ファクタリングとは、売掛債権の買取による期日前の資金化のことを言い、従来の手形の流通に似た効果があります。意外に感じられることですが、企業は成長過程で売り上げが伸びていくと、資金繰りが課題になります。売り上げが伸びて利益が出れば、運転資金に余裕ができると思われますが、実際には、商品を仕入れたり、外注費を支払う一方、売上代金の回収は後回しになるのが理由です。売上代金の回収までの期間は、売り手と買い手の契約で決めますが、現金取引ばかりでは取引の規模を拡大していくことはできません。

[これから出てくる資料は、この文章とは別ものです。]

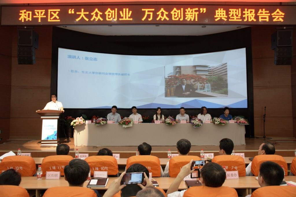 在随后举行的报告会上,创新创业学院常务副院长张立志以《以基地为依托的东北大学特色创新创业之路》为题做主题报告,详细介绍了东北大学在创新创业教育领域的新探索、新成效,并现场与参会听众就创业创新相关问题进行了互动交流。区委书记冯守权,区长田家,长白岛经济区管委会常务副主任吴智丰,区委常委、办公室主任解润泽,及区人大、区政协、区政府相关部门主要领导和大学生代表,有创业创新需求的企业和个人,共计300余人参加本次会议。
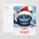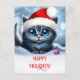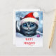 Cute Glad helg vykort med stora blåögda grått-kattar och julhatt. Ett roligt sätt att skicka hälsning till denna julsäsong!
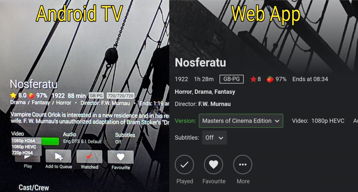 hoverdose 3 Posted January 27, 2019 Author Posted January 27, 2019 (edited) Hi. The labeling is different than it was before the update to the app? It very much is. I have named a huge portion of my library in one of the two ways that Emby recognises, for example: Night of the Living Dead (1968) - 1080p Colourised Edition.mkv Night of the Living Dead (1968) [1080p B&W Edition].mkv Both of which yielded a drop down menu item with the info either after the hyphen or in the square brackets (and indeed this is still the case on the Android app). After the Android TV update it is simply Resolution and Codec with no clue as to which version it is anywhere Edited January 27, 2019 by hoverdose
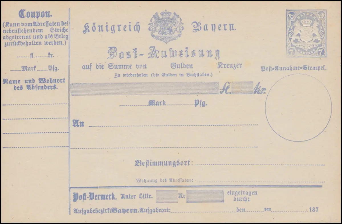 Bayern A 12 Type II Postanweisung 7 Kreuzer blau Wappen postfrische ** Erhaltung

従来は、売掛金そのものを売買の対象とすることができなかったため、支払期日が決まった手形を期日前に金融機関で割り引くことで資金の流動化が図られました。ファクタリングでは、売上債権そのものを売買の対象とすることで、銀行に支払う手形帳のコスト、手形の運送に要する通信コスト(普通郵便ではなく、書留などで送るため)、手形に貼り付ける印紙税といった付随費用が必要なくなりました。同時に、受け取る側では、手形の場合、100万円の手形なら100万円を資金化するか0かになりますが、ファクタリングでは、このうち50万円など、必要な部分だけを資金化することができ、金利に相当する割引料の節約になります。ファクタリングは、銀行などの金融機関が行う場合と、取引先の金融子会社が行う場合がありますが、取引先の金融子会社が行う場合は、瑕疵担保(不渡りが起きた場合の買戻し責任)がない場合もあるので、基本契約の内容確認が大切です。